● Dataset content:
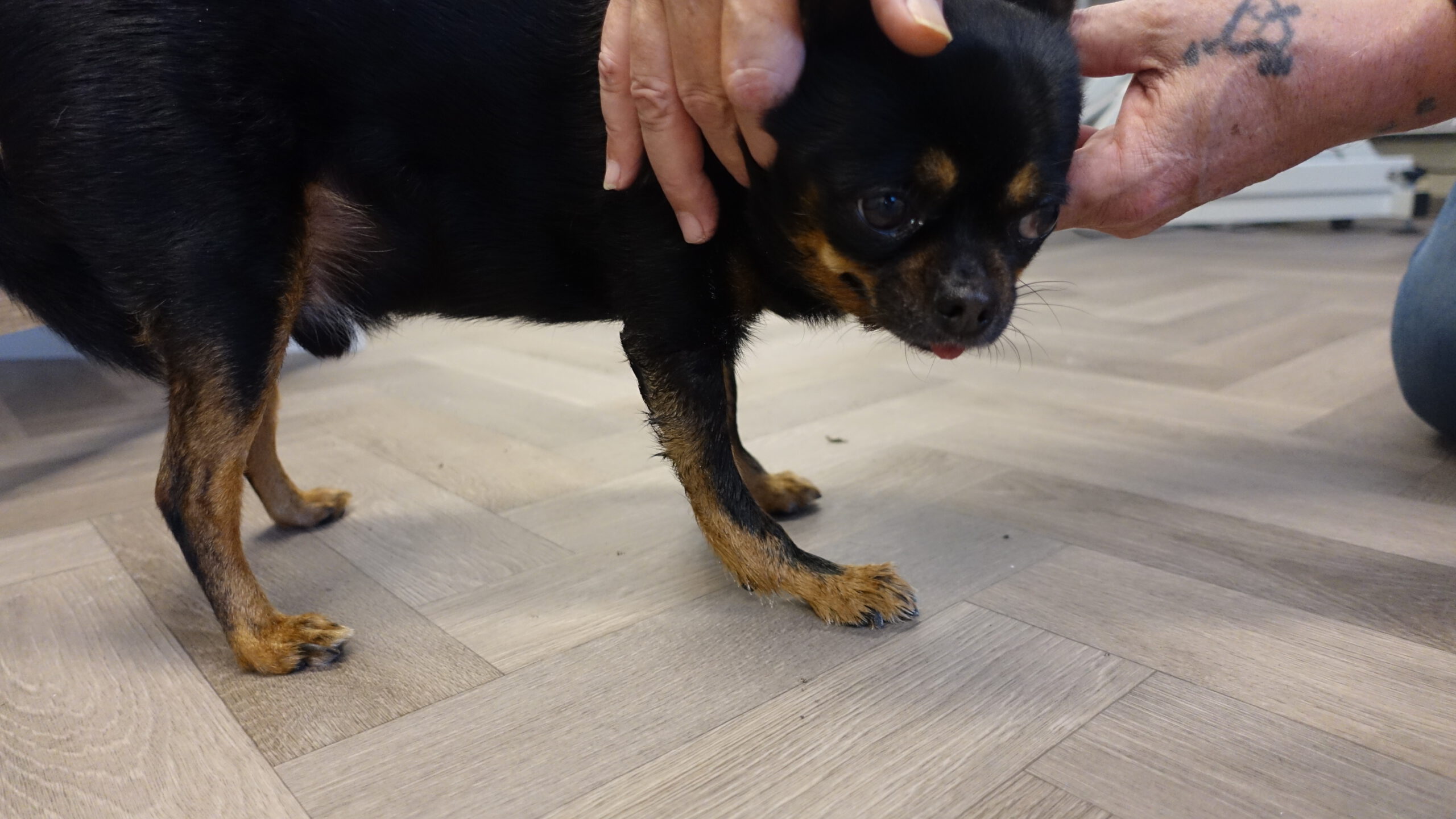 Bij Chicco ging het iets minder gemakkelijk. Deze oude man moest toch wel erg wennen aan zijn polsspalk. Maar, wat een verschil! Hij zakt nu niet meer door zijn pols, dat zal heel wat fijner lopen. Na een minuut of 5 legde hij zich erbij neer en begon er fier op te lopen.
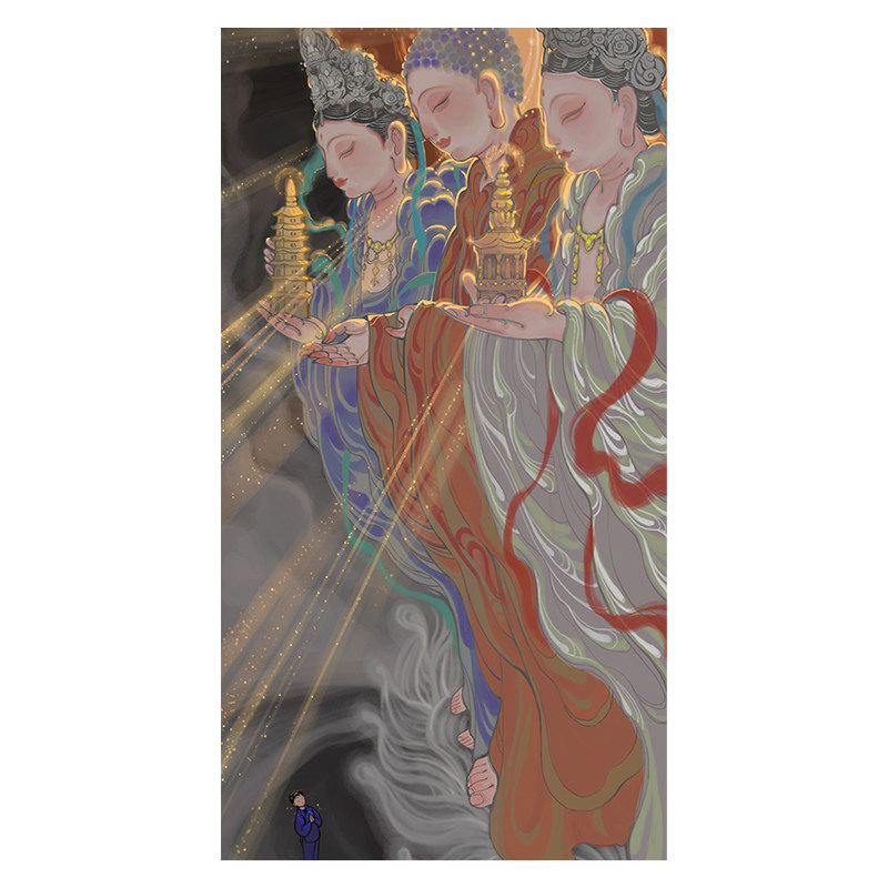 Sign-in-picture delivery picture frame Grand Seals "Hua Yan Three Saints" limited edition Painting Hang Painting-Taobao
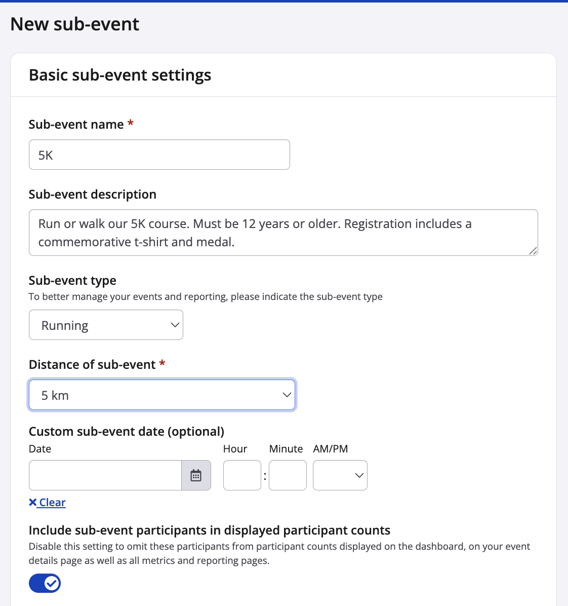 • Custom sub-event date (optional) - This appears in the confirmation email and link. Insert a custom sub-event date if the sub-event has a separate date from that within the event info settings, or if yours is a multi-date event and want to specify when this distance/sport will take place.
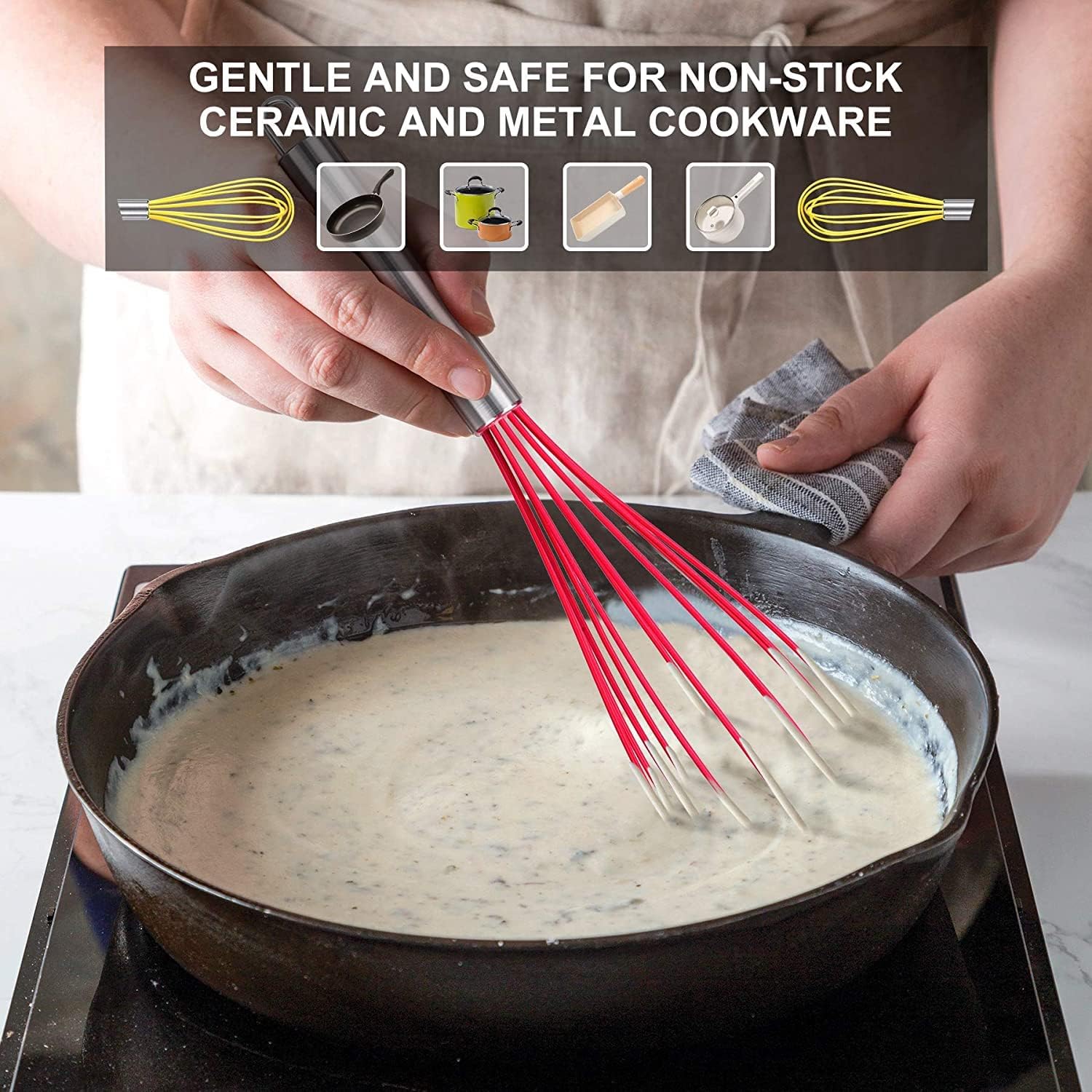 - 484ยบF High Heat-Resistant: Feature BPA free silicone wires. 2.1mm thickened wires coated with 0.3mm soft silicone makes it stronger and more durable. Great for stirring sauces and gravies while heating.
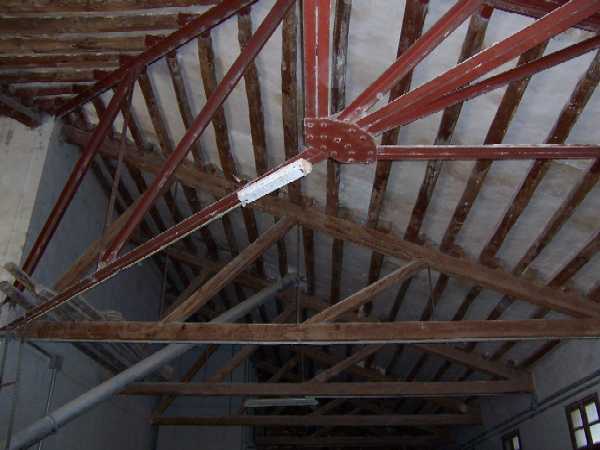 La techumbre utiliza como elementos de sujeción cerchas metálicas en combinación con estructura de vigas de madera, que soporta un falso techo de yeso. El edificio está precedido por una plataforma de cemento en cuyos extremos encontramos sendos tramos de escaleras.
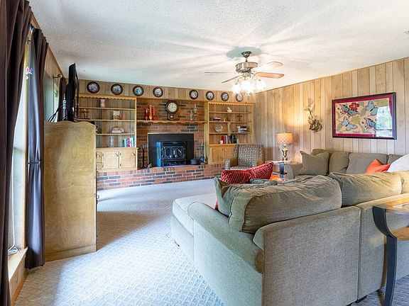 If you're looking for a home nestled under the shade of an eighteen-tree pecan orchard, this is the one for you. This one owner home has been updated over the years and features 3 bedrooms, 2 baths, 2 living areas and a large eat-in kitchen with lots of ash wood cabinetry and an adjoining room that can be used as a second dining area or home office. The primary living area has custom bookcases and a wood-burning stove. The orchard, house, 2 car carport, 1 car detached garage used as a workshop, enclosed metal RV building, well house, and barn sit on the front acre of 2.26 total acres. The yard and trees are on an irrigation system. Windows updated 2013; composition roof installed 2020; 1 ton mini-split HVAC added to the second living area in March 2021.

● Work instructions: Copy out, with no pictures, the lines from the one containing "will take place." through the last line of the data above, both ends included and each word unchanged.

● Solution below:
 • Custom sub-event date (optional) - This appears in the confirmation email and link. Insert a custom sub-event date if the sub-event has a separate date from that within the event info settings, or if yours is a multi-date event and want to specify when this distance/sport will take place.
 - 484ยบF High Heat-Resistant: Feature BPA free silicone wires. 2.1mm thickened wires coated with 0.3mm soft silicone makes it stronger and more durable. Great for stirring sauces and gravies while heating.
 La techumbre utiliza como elementos de sujeción cerchas metálicas en combinación con estructura de vigas de madera, que soporta un falso techo de yeso. El edificio está precedido por una plataforma de cemento en cuyos extremos encontramos sendos tramos de escaleras.
 If you're looking for a home nestled under the shade of an eighteen-tree pecan orchard, this is the one for you. This one owner home has been updated over the years and features 3 bedrooms, 2 baths, 2 living areas and a large eat-in kitchen with lots of ash wood cabinetry and an adjoining room that can be used as a second dining area or home office. The primary living area has custom bookcases and a wood-burning stove. The orchard, house, 2 car carport, 1 car detached garage used as a workshop, enclosed metal RV building, well house, and barn sit on the front acre of 2.26 total acres. The yard and trees are on an irrigation system. Windows updated 2013; composition roof installed 2020; 1 ton mini-split HVAC added to the second living area in March 2021.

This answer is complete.